Despite that landmark lease, average grade A office rents in Hong Kong fell by 0.7 percent in August, compared to July, to HK$54 per square foot per month, continuing a year-long slide, according to a report by JLL.
“The overall market recorded a positive net absorption of 229,800 square feet in August,” said Alex Barnes, managing director and head of office leasing advisory at JLL in Hong Kong. “It is a good sign in a relatively low demand office market.”
The decline in demand for office space in Hong Kong, which has traditionally been among the most expensive leasing markets worldwide, reflects broader challenges for the city’s economy, with fundraising through initial public offerings on the local bourse falling to a 20-year low of $2.2 billion in the first half of 2023.
Lower Rents Spark Activity
With tenants taking advantage of declining rents to move into new spaces, Kowloon East accounted for some of August’s largest leasing deals.
In addition to CSI’s new lease at its Harbourside HQ, Sun Hung Kai found a tenant for 12,500 square feet in its Millennium City 1 building in Kowloon East for a rent reported to be between HK$15 to HK$20 per month.
Also signing a new agreement was Wing Tai Properties, which leased 15,200 square feet in its Landmark East project in Kwun Tong at a rate reported to be between HK$20 and HK$25 per month.
In Wanchai, a tenant agreed to rent 29,200 square feet in the Dah Sing Financial Centre on Queen’s Road East at a rate between HK$30 to HK$35 per month.
Rents in the Causeway Bay/Wanchai area fell more slowly than the city-wide average last month, sliding by 0.3 percent compared to July.

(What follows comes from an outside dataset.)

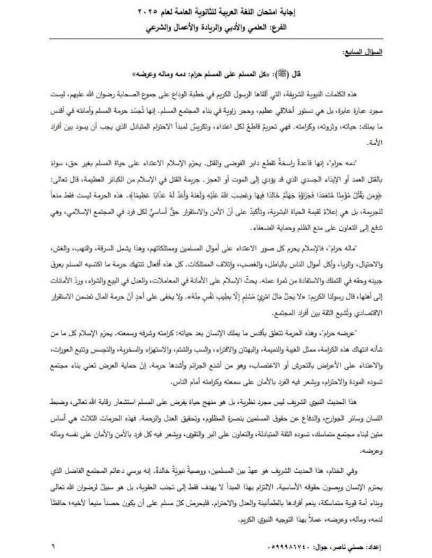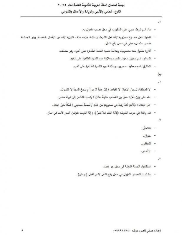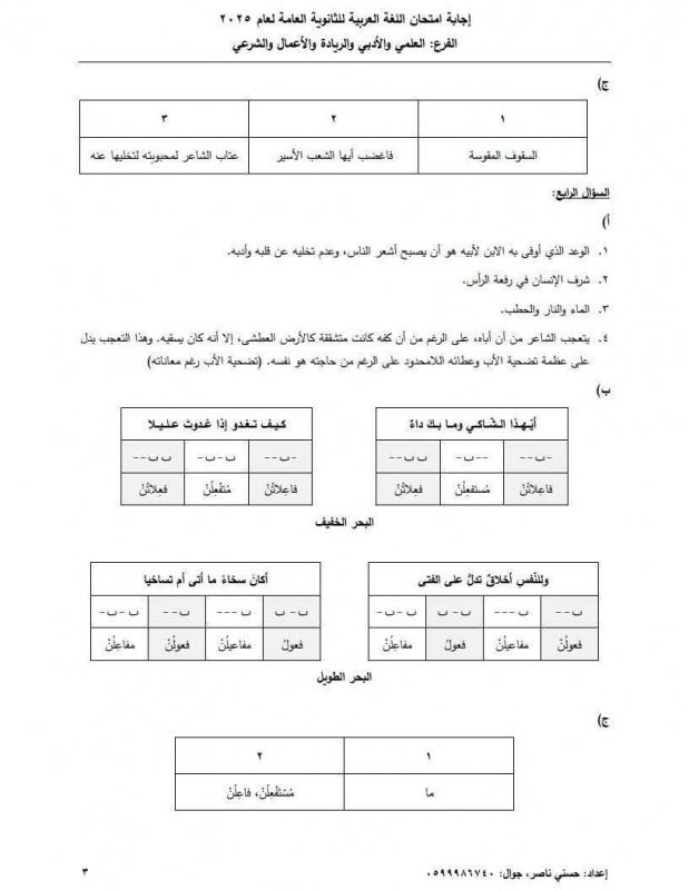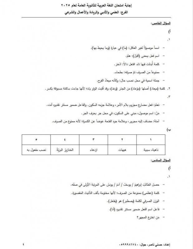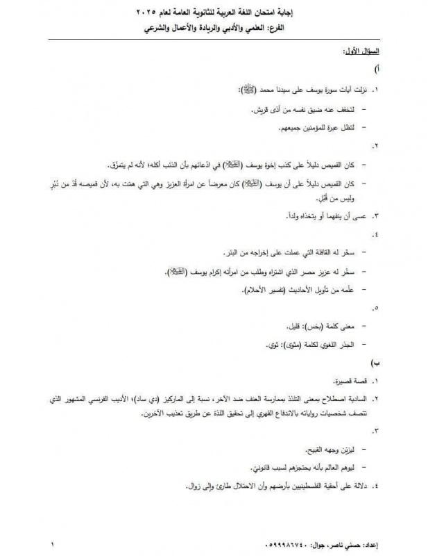إجابة امتحان العربي توجيهي فلسطين 2025

In Central, the city’s most expensive office location, leasing rates fell by 0.8 percent, according to JLL.
By the end of August the average vacancy rate for grade A offices across Hong Kong held steady from a month earlier at 12.8 percent after rising for four straight months.
In Central vacancy climbed to 9.9 percent from 9.6 percent a month earlier, while Causeway Bay/Wanchai tightened by 0.6 percentage points and Tsimshatsui by 0.7 percentage points.

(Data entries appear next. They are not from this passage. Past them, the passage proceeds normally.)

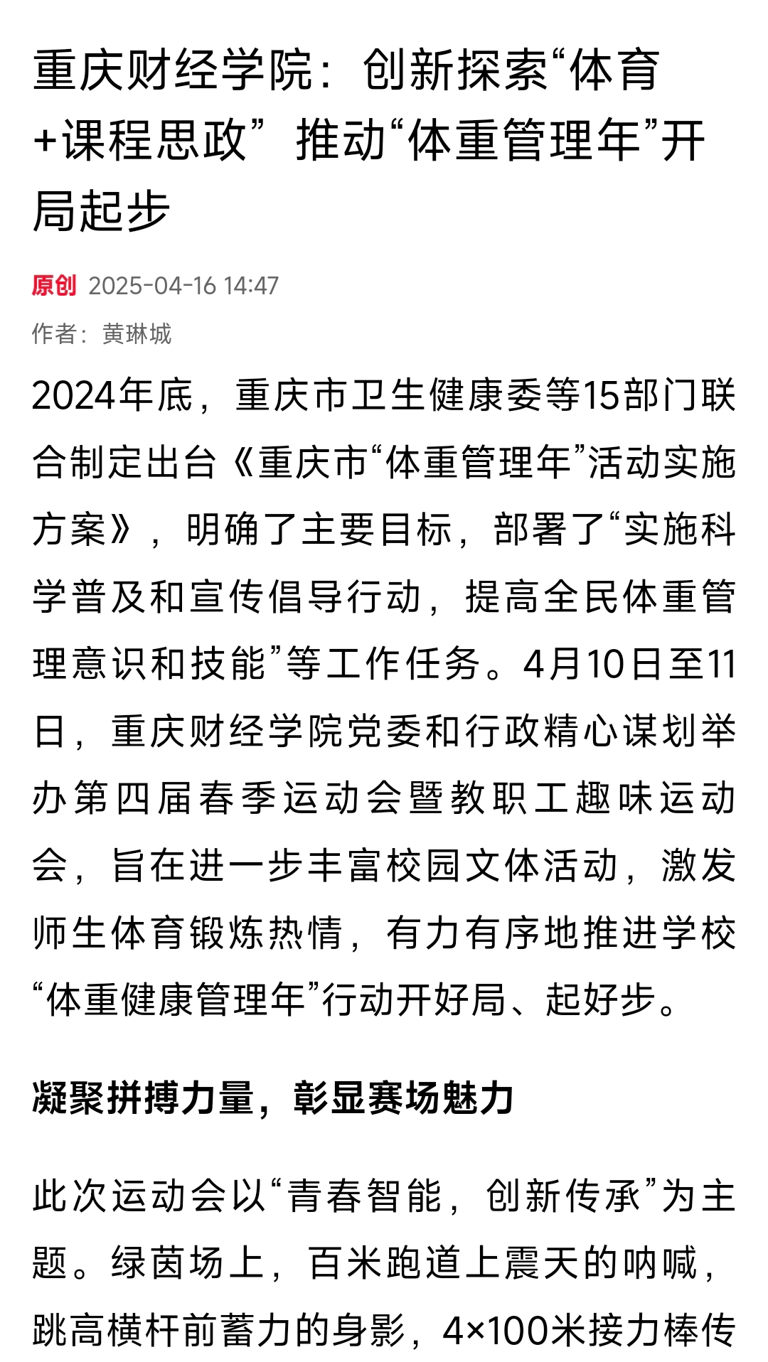 要以体育实践赋能五育融合,健全育人格局。要全面总结本届运动会“文化赋能、科技增色”的创新经验,积极响应国家“体重管理年”战略部署,联动工会、团委组织开展各类文体活动,着力打造“智慧体育”教学平台,建设“健康重财”大数据系统,有机融入校园文化建设体系,不断探索重财实践,打造特色化标志性成果,让体重管理成为校园新风尚,让五育并举赋予重财新内涵。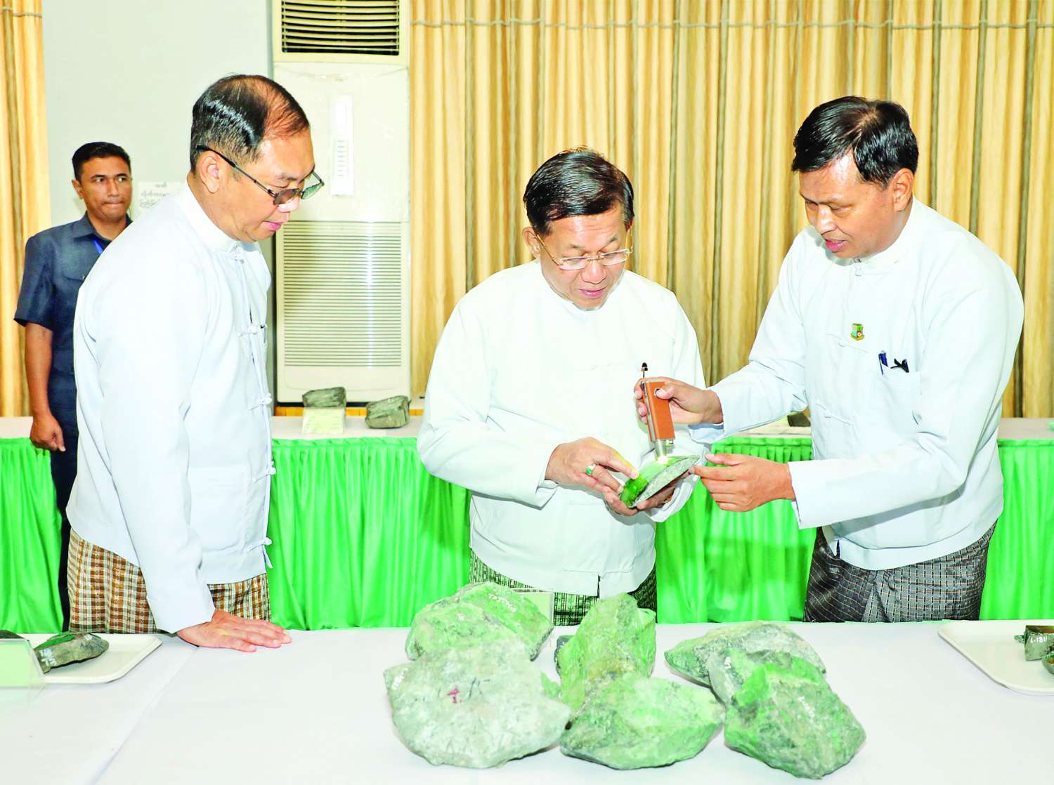 ထို့နောက် နိုင်ငံတော်စီမံအုပ်ချုပ်ရေးကောင်စီဥက္ကဋ္ဌ နိုင်ငံတော်ဝန်ကြီးချုပ်နှင့်အဖွဲ့ဝင်များသည် ပုဂ္ဂလိကကျောက်မျက်ရတနာအချောထည် အရောင်းပြခန်းများ ဖွင့်လှစ်ရောင်းချနေမှုကို လိုက်လံကြည့်ရှုအားပေးပြီး ခန်းမအပြင်ဘက်တွင် ခင်းကျင်းပြသထားသည့် ကျောက်စိမ်းရိုင်းအတွဲများကို လိုက်လံကြည့်ရှု စစ်ဆေးသည်။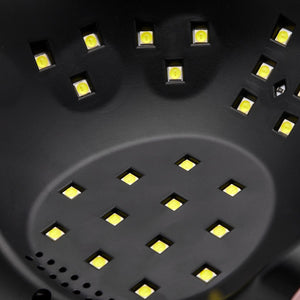 Profesionální UV/LED lampa nejnovější generace, která díky duální LED technologii rychle a rovnoměrně vytvrzuje všechny gely, hybridní laky a další přípravky vytvrzované světlem. Vyzařuje bílé světlo, které neunavuje oči. Lampa V7 má vysoce výkonný, energeticky účinný zdroj světla s duálním rozsahem vlnových délek 365 nm a 405 nm. Kromě toho obsahuje 36 diod, které poskytují celkový maximální výkon 168 W! Lampa má vestavěný snímač pohybu, časovač na 10, 30, 60 a 99 sekund a po aktivaci snímače svítí nepřetržitě až 99 sekund. 'Režim nízkého zahřívání' na 99 sekund je režim, ve kterém se výkon lampy postupně zvyšuje každých 30 sekund. Eliminuje pocit pálení při aplikaci stavebních gelů. Velký elektronický displej usnadňuje kontrolu času.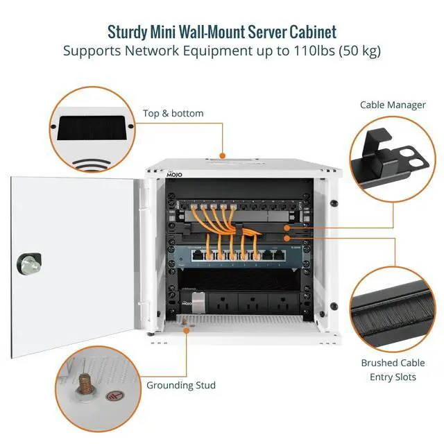 Enhanced Cooling & Security: Vented side slots improve airflow and prevent overheating; lockable front door safeguards sensitive connections ^^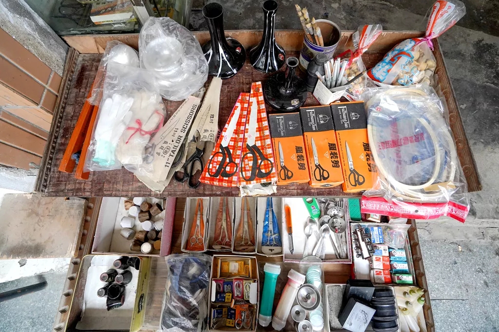 葉師傅的店里擺滿了上世紀(jì)八九十年代百貨商店里的貨品。如今還在用這些貨品的街坊已不多,但葉師傅坦言,與其說(shuō)他賣(mài)的是貨品,不如說(shuō)是某種回憶。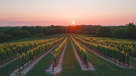 A scenic vineyard is illuminated by the warm glow of the setting sun, highlighting the neatly arranged rows of grapevines stretching across the landscape.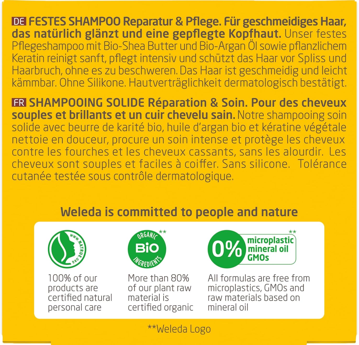 Produktinformationen "WELEDA Bio Festes Shampoo Reparatur & Pflege - Naturkosmetik Haarpflege Seife schützt vor Spliss & Haarbruch mit Bio Sheabutter, Arganöl & Keratin. Natürliches Haarshampoo ohne Silikone (vegan / 50g)"

Central Competition on the Rise
With tenants reluctant to commit to new offices leases in Hong Kong, and with many occupiers downsizing at the same time that new buildings enter the market, landlords have been reducing rents to generate more deals. By the end of June, rents in Central were down 31 percent from their 2019 peak, JLL said.
“Office rents will remain under pressure as leasing demand remains subdued and new office supply is increasing,” JLL’s Barnes said. Among the new projects entering the market is Henderson Land’s the Henderson, which remains less than 50 percent committed as it prepares for final completion later this year.

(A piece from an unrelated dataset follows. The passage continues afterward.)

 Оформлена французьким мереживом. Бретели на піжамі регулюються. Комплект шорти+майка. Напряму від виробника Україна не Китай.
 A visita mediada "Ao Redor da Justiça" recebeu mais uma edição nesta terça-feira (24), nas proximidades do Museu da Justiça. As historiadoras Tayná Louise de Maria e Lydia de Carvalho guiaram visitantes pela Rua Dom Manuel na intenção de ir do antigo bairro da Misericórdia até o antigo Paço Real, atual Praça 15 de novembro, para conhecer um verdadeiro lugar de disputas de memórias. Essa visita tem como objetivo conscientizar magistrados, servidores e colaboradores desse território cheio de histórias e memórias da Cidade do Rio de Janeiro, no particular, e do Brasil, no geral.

Hongkong Land, the biggest landlord in Central declared a loss attributable to shareholders of $333 million in the first half of 2023, as committed vacancy in its portfolio in the district rose to 6.9 percent at 30 June from 4.7 percent a year earlier.
For the same period the division of Jardine Matheson said that average rents in its Central office properties declined to HK$107 per square foot per month from HK$111 per square foot at the end of 2022.
During the first half of 2023 Swire Properties kept vacancy at its Pacific Place complex in Admiralty at 3 percent, however, during the same period, rates on new leases and renewals averaged 12 percent lower than earlier pricing.